The post mentions using `cargo vet` to organize audits of third party crates, discussed here a few months ago [0]. I'm more familiar with cargo-crev which does something similar, how do these auditing tools compare? The audit format [1] seems somewhat reasonable, but it doesn't include the review date and there's no mechanism to validate the authenticity of the auditors.
[0]: https://news.ycombinator.com/item?id=31719532
[1]: https://mozilla.github.io/cargo-vet/recording-audits.html
I previously asked "why cargo vet instead of extending crev" and I think the answer was that architecturally cargo-crev is meant to be a single repository of public audits, where as cargo-vet aims for a decentralized system where anyone can publish an audit anywhere, and each individual project has to opt into which audit databases they trust.
Also cargo-vet has some good ideas about how to suddenly introduce cargo-vet into an existing codebase.
I'm certainly curious to see how in-process sandboxing plays out with Spectre. Even the process boundary sometimes doesn't feel like enough, heavy handed as it may be. I wonder if there's a way to prove the absence of side channels by encoding side effects more directly and ensuring that those side effects never propagate across a boundary. The problem would probably be enumerating them... and then idk, everything has side effects to some degree, "the value was read, which caused a L cache line to flush" I guess it's probably not tractable.
I kind of, vaguely loosely, feel like running multiple 'workers' within a single process is just not a reasonable goal. Ultimately if you have a multi-tenant requirement you should be using separate processes and pinning them to separate physical CPUs, and hope that that is enough. Not to discourage this, I can't wait to look back in a decade and see how this all has changed.
edit: Also, there are other use cases. Like, maybe I'm a single tenant and I'm deploying multiple workers to a single VM. I trust myself, but it would still be nice to have it be hard for those boundaries to be violated - driving up the cost is sane.
It also sort of reminds me of the Sysiphean task of removing ROP gadgets from the Linux kernel.
> WebAssembly programs are sandboxed and isolated from one another and from the host, so they can’t read or write external regions of memory, transfer control to arbitrary code in the process, or freely access the network and filesystem. This makes it safe to run untrusted WebAssembly programs: they cannot escape the sandbox to steal private data from elsewhere on your laptop or run a botnet on your servers.

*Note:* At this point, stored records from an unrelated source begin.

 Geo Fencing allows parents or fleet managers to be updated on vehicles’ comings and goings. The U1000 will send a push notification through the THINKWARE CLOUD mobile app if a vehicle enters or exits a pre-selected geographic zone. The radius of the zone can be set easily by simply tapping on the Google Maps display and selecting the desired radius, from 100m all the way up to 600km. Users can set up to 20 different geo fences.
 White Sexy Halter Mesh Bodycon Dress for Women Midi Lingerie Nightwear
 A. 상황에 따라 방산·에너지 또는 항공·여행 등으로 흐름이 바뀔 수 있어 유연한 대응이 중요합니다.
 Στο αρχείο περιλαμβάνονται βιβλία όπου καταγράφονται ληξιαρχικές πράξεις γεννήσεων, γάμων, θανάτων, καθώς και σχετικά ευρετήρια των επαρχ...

As if users will not concede every requested permission to the first Monero miner that asks.
They might, but that's the wrong way to think about security. It is true that people can be tricked into bypassing any security layer. It is also true that strong security boundaries are useful tools.
A more meaningful security boundary might be making HTML viewers' ability to run arbitrary code an opt-in feature, rather than opt-out.

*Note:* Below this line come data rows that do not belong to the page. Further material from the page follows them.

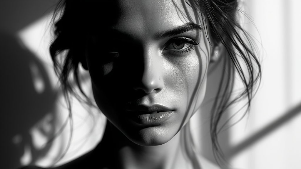 A minimalist beauty portrayal of a woman in black and white, her serene face accented with light bronze and bronze tones, surrounded by intriguing shadows. The image features sharp edges and captures the essence of karencore style, with high definition and intense contrast shading, exuding realism. The composition is graceful and poised, with an air of tranquility, set in an aspect ratio of 3:5, embodying a raw, stylized elegance.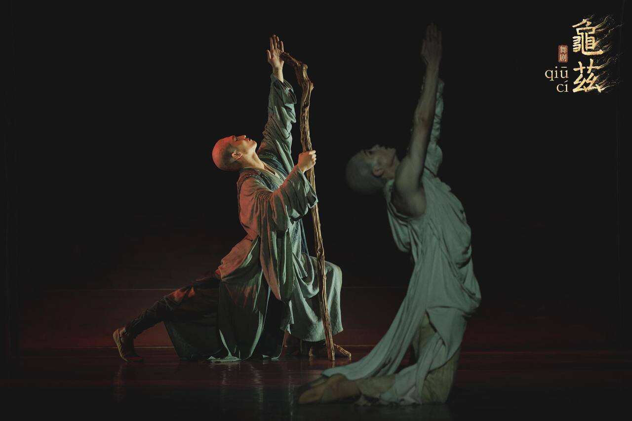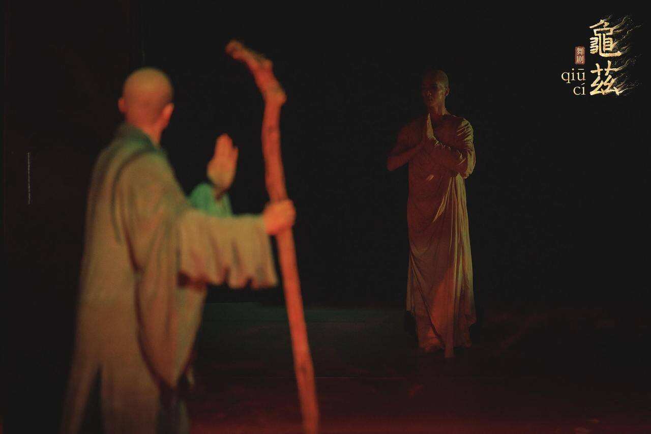 “玄奘西行和鸠摩罗什东行的路线高度重合,这为我们提供了丰富的创作灵感。”王彭说,《龟兹》利用舞台空间,让玄奘在一次次回望鸠摩罗什的生命轨迹中,坚定了文化传播的共同信仰,并以双人舞表现共通的使命感。
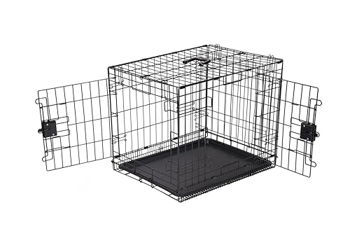Amazon Basics Small Metal Dog Crate/Cage with Tray, Durable, Foldable and Adjustable Cage Double Door, Black, 61 cm L x 46 W 51 H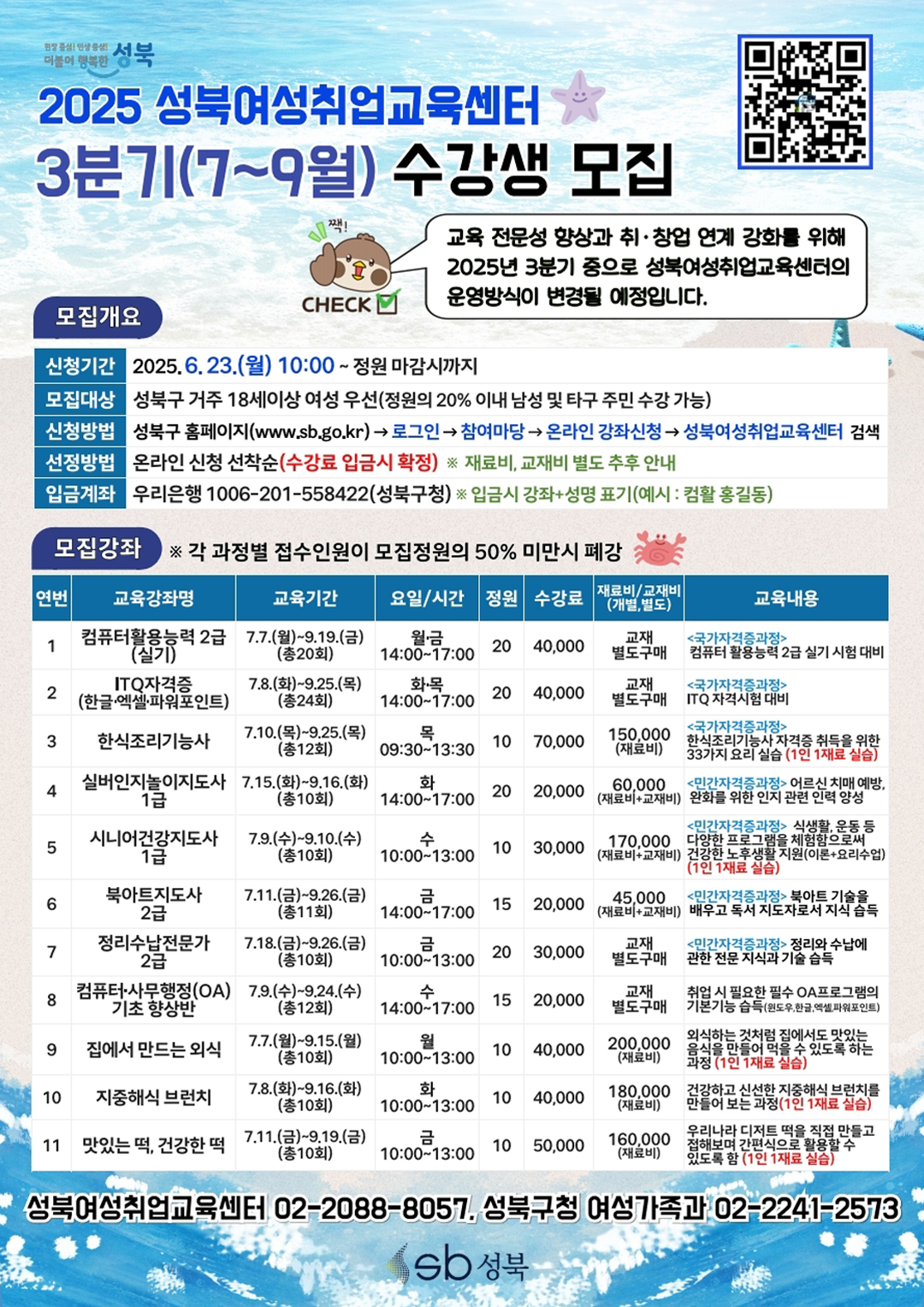 250624 성북여성취업교육센터 2025. 3분기 수강생 모집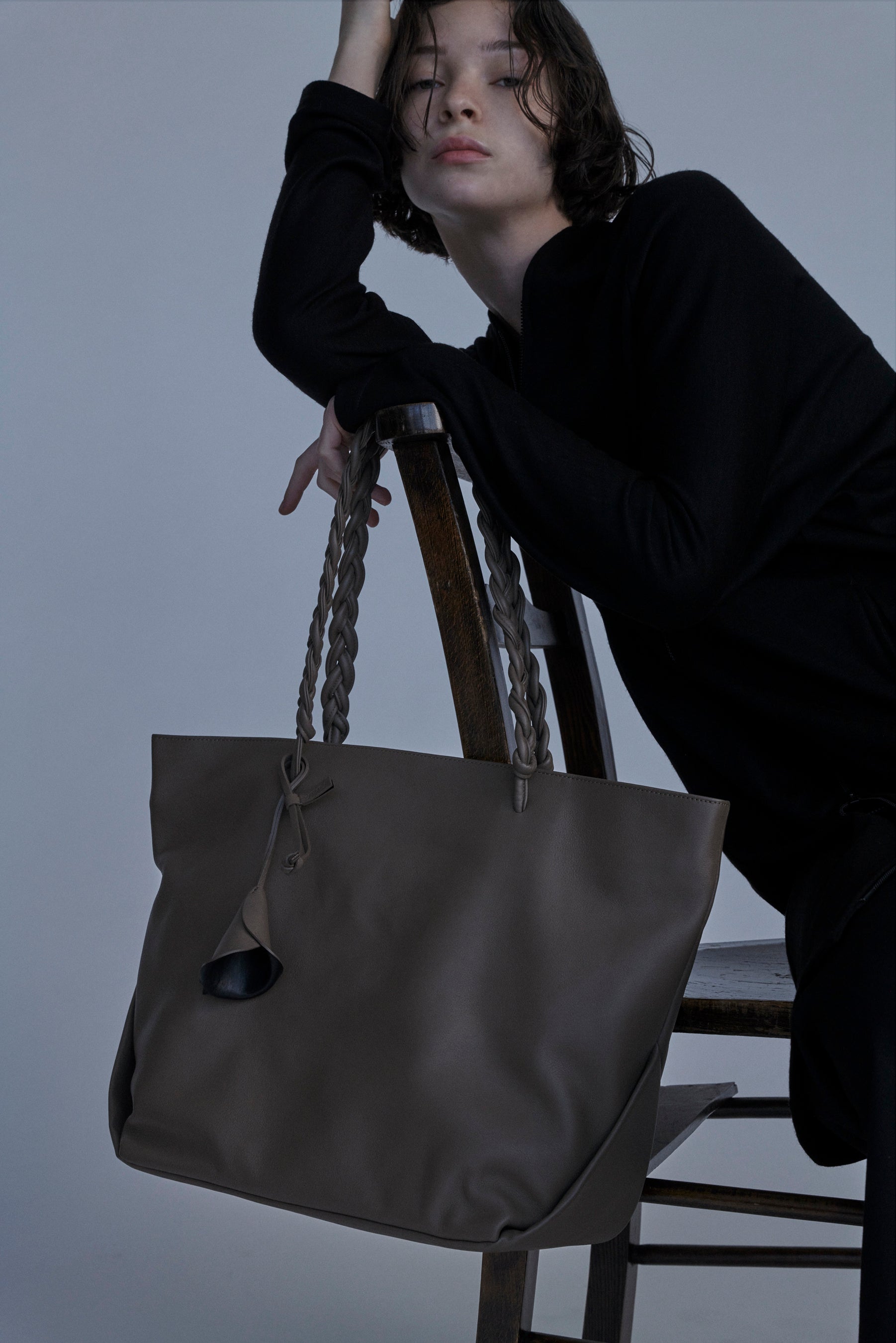 ハンドルがレザー紐で編まれたトート。底からサイドに紙を折ったような造作が、マチュアなレザーに硬質でコンテンポラリーな佇まいを加えています。<ディスコード ヨウジヤマモト>のユニークネスを加えた、遊び心のある機能的なデザインをより楽しんでいただけるコレクション。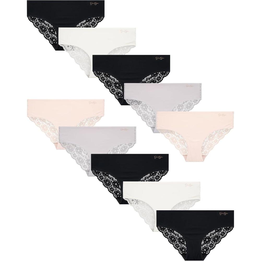 Jessica Simpson Women’s Hipster Underwear – 10 Pack Sexy Lace Trim No Show Seamless Briefs – Panties for Women (S-XL)(White Multi)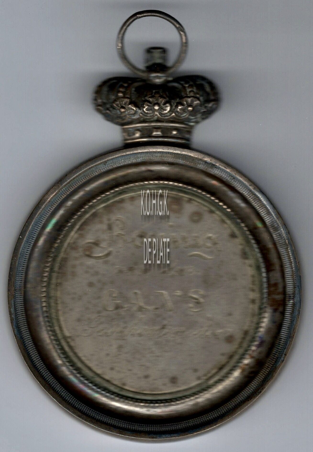De prijspenning is rond van vorm in een vatting met gladde geprofileerde buitenrand, en parel binnenrand, met kroon en draagring, en is als volgt ingegraveerd:

Imagine if every PDF viewer included a virtual machine that ran in the background while viewing the document.
I have some bad news for you about PDF: https://opensource.adobe.com/dc-acrobat-sdk-docs/library/jsa...

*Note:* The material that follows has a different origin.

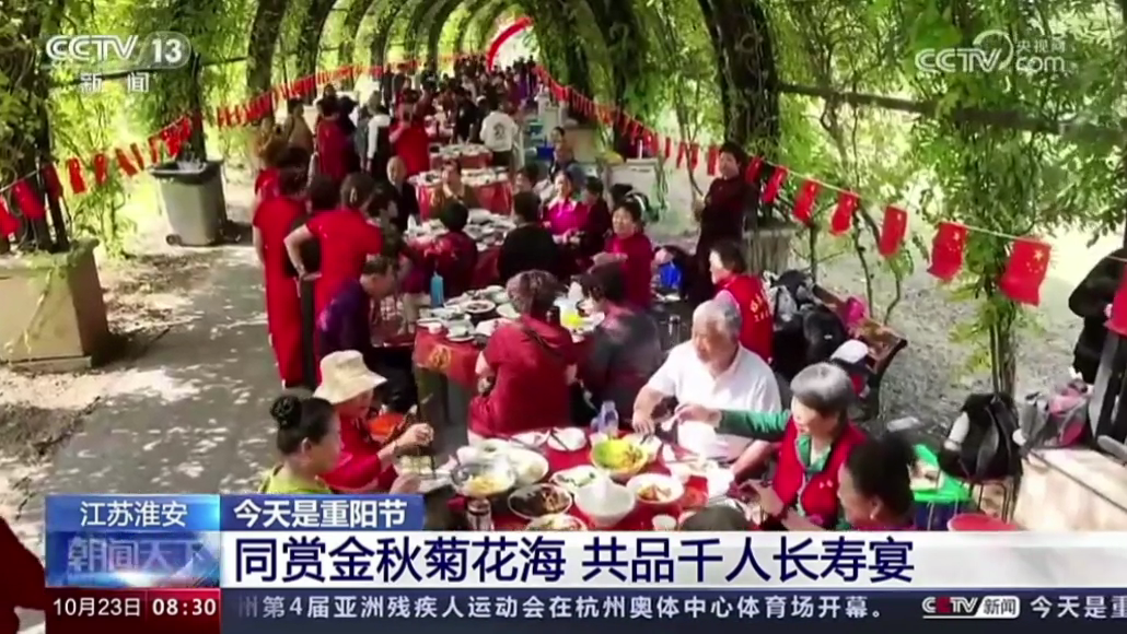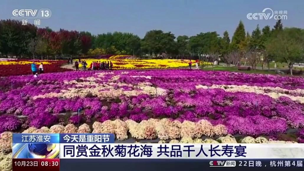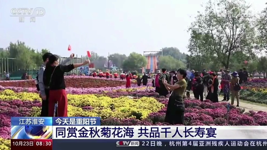 今天是农历九月初九,是我国的传统敬老节日——重阳节,各地通过举办各类活动传承敬老爱老的优良传统,营造良好的社会氛围。九九重阳节是登高望远赏菊的好时节,在淮安白马湖旅游度假区,一年一度的特色菊花展开幕,色彩斑斓、摇曳多姿的菊花,吸引游客纷至沓来。景区还开展“同赏金秋菊花海 共品千人长寿宴”活动,来自湖北、贵州、浙江、上海、江西等地的1500余名老年游客欢聚于此,赏菊花、品美食、观民俗。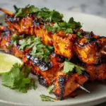 - Serve Hot: Once cooked through and nicely charred, remove skewers from heat. Garnish with chopped cilantro and lime wedges before serving.

See also: https://rawgit.com/osnr/horrifying-pdf-experiments/master/br...
Even better, every font renderer does! A couple of the PDF-based jailbreaks for iOS were actually bugs in the virtual machine used by font renderer to allow fonts to do programmatic hinting, and the PDF only really existed as a container to deploy the font and force it to deterministically render exactly what was required.
I intuitively expected some trash like that from Adobe which is why I wrote "every PDF viewer" and not "Acrobat Reader".
His "breakout" demo works in Chrome's viewer as well (and obviously FoxIt).
Opt-in code execution is not a meaningful security mechanism because users do not have the expertise or information to answer a prompt like "Do you want to allow this web page to run code?"
Prompts are not opt-in. Opt-in is moving the mouse to (say) the lower-right corner, clicking on the NoScript icon, and selecting "Temporarily allow example.com".
That's not a panacea, but it at least raises the bar from "get people to even briefly look at your attack site", to "come up with a at-least-vaguely-plausible excuse why your site needs to be handed a remote code execution vulnerability in order to function".
The “user” may be a multi tenant system for say, FaaS
No need to, the data inside of the sandbox can still be corrupted (C compiled into WASM code), so even if it doesn't escape to the host, there are tons of possible ways to exploit the code and via data corruption force it to execute another code path thanks to incorrect state on the data structures.
But the malicious miner won't be stealing the banking credentials you used in a different tab
What is the overhead of the spectre mitigations? I read a PhD dissertation showing that v8 suffers a 20% overhead in practice. People can sugar those numbers, but I wouldn't expect another userspace-emulator-like program to behave differently. Is this number in the ballpark for wasmtime?